Patients with end-stage kidney disease were 11 times more likely to be hospitalized for COVID-19 than patients without kidney disease.

Patients with end-stage kidney disease were 11 times more likely to be hospitalized for COVID-19 than patients without kidney disease.

For the study, the researchers included 12,971 people who were tested for SARS-CoV-2 using prepandemic EHR data (1,604 people were SARS-CoV-2 positive; 354 ​​people had to be hospitalized). They identified 21 clinical phenotypes in five disease categories (six of the phenotypes were kidney related).
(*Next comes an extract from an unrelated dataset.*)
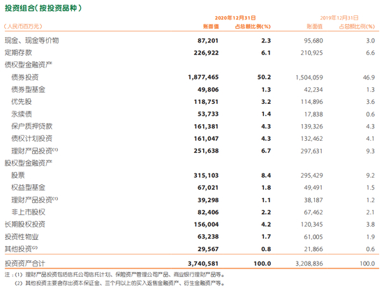 我们先来看平安的投资组合,尽管市场都很关注平安在股权市场的一些动作,但是作为稳字当头的保险资金,债券投资永远是占大头的一块。

The results showed that patients with end-stage kidney disease were 11 times more likely to be hospitalized for COVID-19 than patients without kidney disease (OR = 11.07). Other kidney-related disorders were also associated with high risk of hospitalization, with stage 4 CRF resulting in an OP of 2.90, acute kidney failure resulting in an OP of 3.26, and a kidney transplant resulting in an OR of 14.98. For comparison, heart failure resulted in an OP of 3.8, chronic airway obstruction an OP of 2.54 and type 2 diabetes an OR of 1.80.

Study co-researcher Tooraj Mirshahi, PhD, explained the study design in the press release.

“Our team used a novel approach made possible by our extensive electronic health records, unique demographics and integrated healthcare system,” he said. “We were able to do this study even though the number of COVID-19 cases was much lower compared to large metropolitan hospitals.”

According to Chang, these results “underscore the need to prevent COVID-19-related illness in patients with kidney disease and other high-risk conditions”.